The google cloud documentation (see Binary data in prediction input) states:
Your encoded string must be formatted as a JSON object with a single
key named b64. The following Python example encodes a buffer of raw
JPEG data using the base64 library to make an instance:
{"image_bytes":{"b64": base64.b64encode(jpeg_data)}}
In your TensorFlow model code, you must name the aliases for your
input and output tensors so that they end with '_bytes'.
I would like to understand more about how this process works on the google cloud side.
Is the ml-engine automatically decoding any content after the "b64"
string to byte data?
When the request has this nested structure, does it only pass in the
"b64" section to the serving input function and remove the
"image_bytes" key?
Is each request passed individually to the serving input function or
are they batched?
Do we define the input output aliases in the ServingInputReceiver returned by the serving input function?
I have found no way to create a serving input function which uses this nested structure to define the feature placeholders. I only use "b64" in mine and I am not sure what the gcloud ml-engine does on receiving the requests.
Additionally when predicting locally using gcloud ml-engine local predict
, sending the request with the nested structure fails, (unexpected key image_bytes as it is not defined in the serving input function). But when predicting using gcloud ml-engine predict
, sending requests with the nested structure works even when the serving input function contains no reference to "image_bytes". The gcloud predict also works when leaving out "image_bytes" and passing in just "b64".

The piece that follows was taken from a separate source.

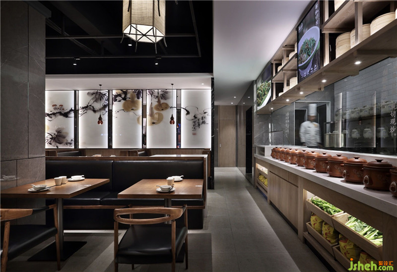 廚房區(qū)開了長型橫向的透明視窗,將食物的呈現(xiàn)過程演繹成動態(tài)的展演現(xiàn)場,透著廚房明亮的燈光和忙碌的身影,一蔬一飯飽藏的氤氳溫情,不著痕跡的融入餐敘氛圍。餐廳設(shè)計
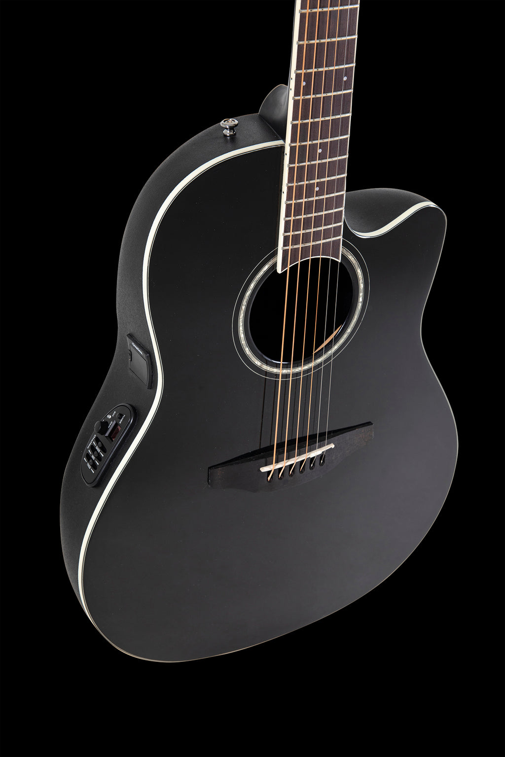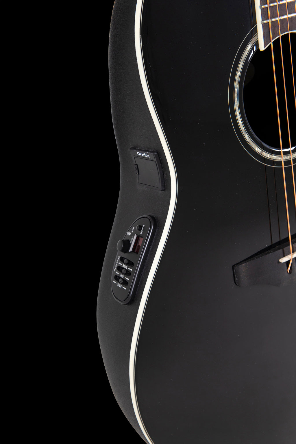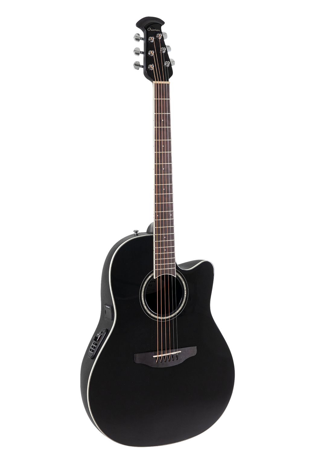 Marcadores y roseta con incrustaciones perladas Ribete del cuerpo en color marfil, ribeteado en varias partes Clavijero Die-Cast, cromado Pastilla Ovation CP-100 Slimline, preamplificador OP-4CT con afinador

An example serving input function
def serving_input_fn():
feature_placeholders = {'b64': tf.placeholder(dtype=tf.string,
shape=[None],
name='source')}
single_image = tf.decode_raw(feature_placeholders['b64'], tf.float32)
inputs = {'image': single_image}
return tf.estimator.export.ServingInputReceiver(inputs, feature_placeholders)
I gave the example using images but I assume the same should apply to all types of data sent as bytes and base64 encoded.
There are a lot of stackoverflow questions which contain references to the need to include "_bytes" with snippets of information, but I would find it useful if someone could explain a bit more in detail whats going on as then I wouldn't be so hit and miss when formatting requests.